Michele La Ginestra da questo punto vista è il top, gli va riconosciuto: ci vuole abilità per suscitare la risata su un vizio comune e, contemporaneamente, indurre ogni astante a fare con un sorriso aperto qualcosa che non pensava di volere, come procedere all’attivazione della modalità aereo.
Risultato raggiunto, disconnessione compiuta…che lo spettacolo abbia inizio.
Da vero artigiano del teatro qual è, La Ginestra sa sempre come raggiungere il suo pubblico. Provoca apertamente, veicola i suoi messaggi inserendoli nel non-detto delle sue proposte, interagisce con i presenti, li coinvolge, li fa sentire a casa. E quando serve, nel momento in cui le circostanze impongono di deragliare dalle righe del copione, improvvisa, dando prova di saper gestire il suo one-man-show in tutte le sfumature di cui si colora. Una crescita evidente la sua, che infonde una marcia in più ad un congegno già rodato.

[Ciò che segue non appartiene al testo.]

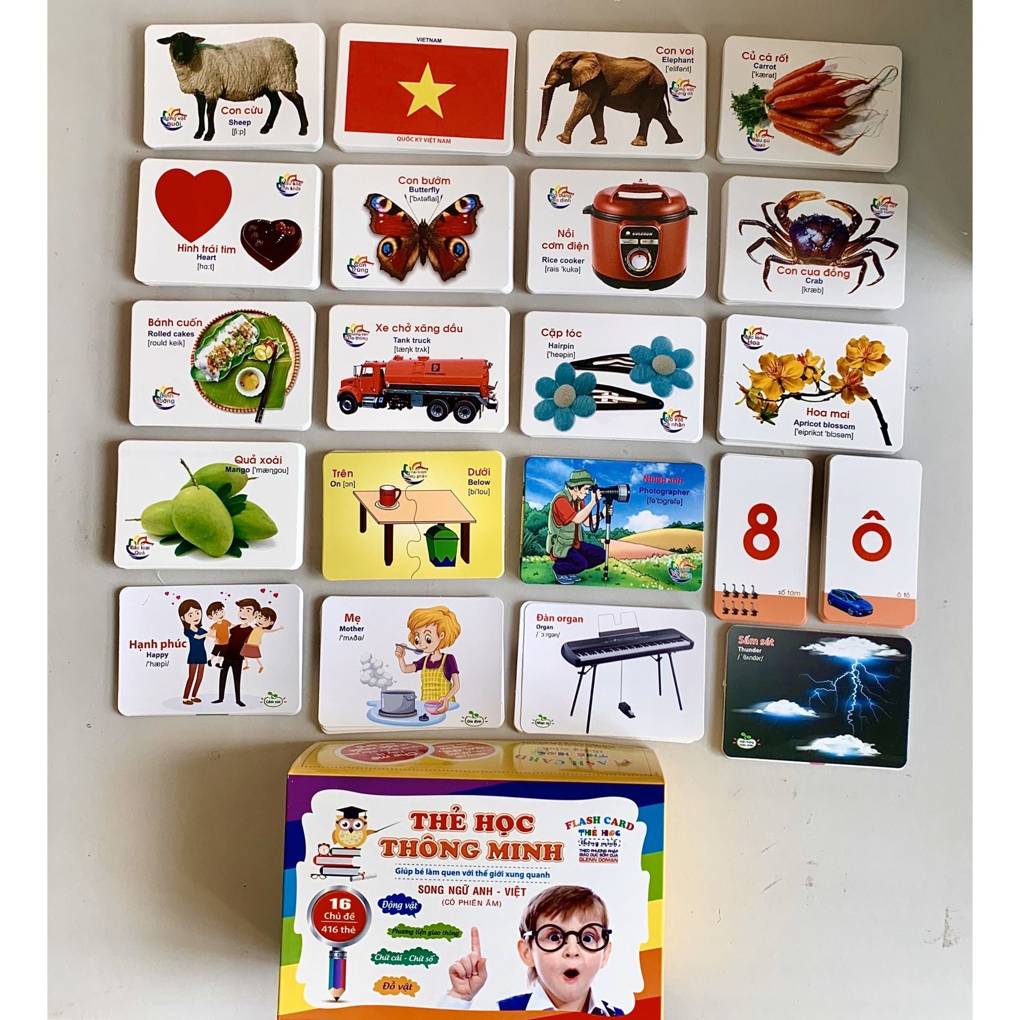Bộ Thẻ Học Thông Minh Flashcards 16 Chủ Đề Cho Bé Học - Bộ 416 Thẻ Học Sông Ngữ Anh Việt Cao Cấp

Una parrucca, un naso finto, una lunga barba grigia, un abito talare e via, si lascia pervadere dal gusto di andare oltre. Per cui, passa da Menicacci, la promessa mai mantenuta del calcio italiano, al mondo delle fiabe di cui restituisce una versione a morale invertita.
Divertente e partecipata è la gag dell’uomo affetto da iperosmia olfattiva le cui relazioni sociali sono condizionate dal disturbo e che trova un momento di tregua solo quando è raffreddato; spassosa è la scena incentrata sulla nota figura di don Michele, sacerdote poco convinto della validità del matrimonio e della sua solidità protratta nel tempo.
Centrale come sempre, però, è il commovente saluto al papà. La dedica parte dal cuore e si tramuta un momento di poesia che dispiega le ali per atterrare su un ricordo toccante. Ed arriva diritto lì, nel punto in cui siamo tendenzialmente deboli, nella nostra emotività scoperta e disarmata. E proprio per questo più fragile.
Il lavoro merita, perché con leggerezza rapisce lo spettatore inducendolo a perlustrare il caleidoscopico mondo delle sensazioni e a fluttuare nel suo personalissimo altrove.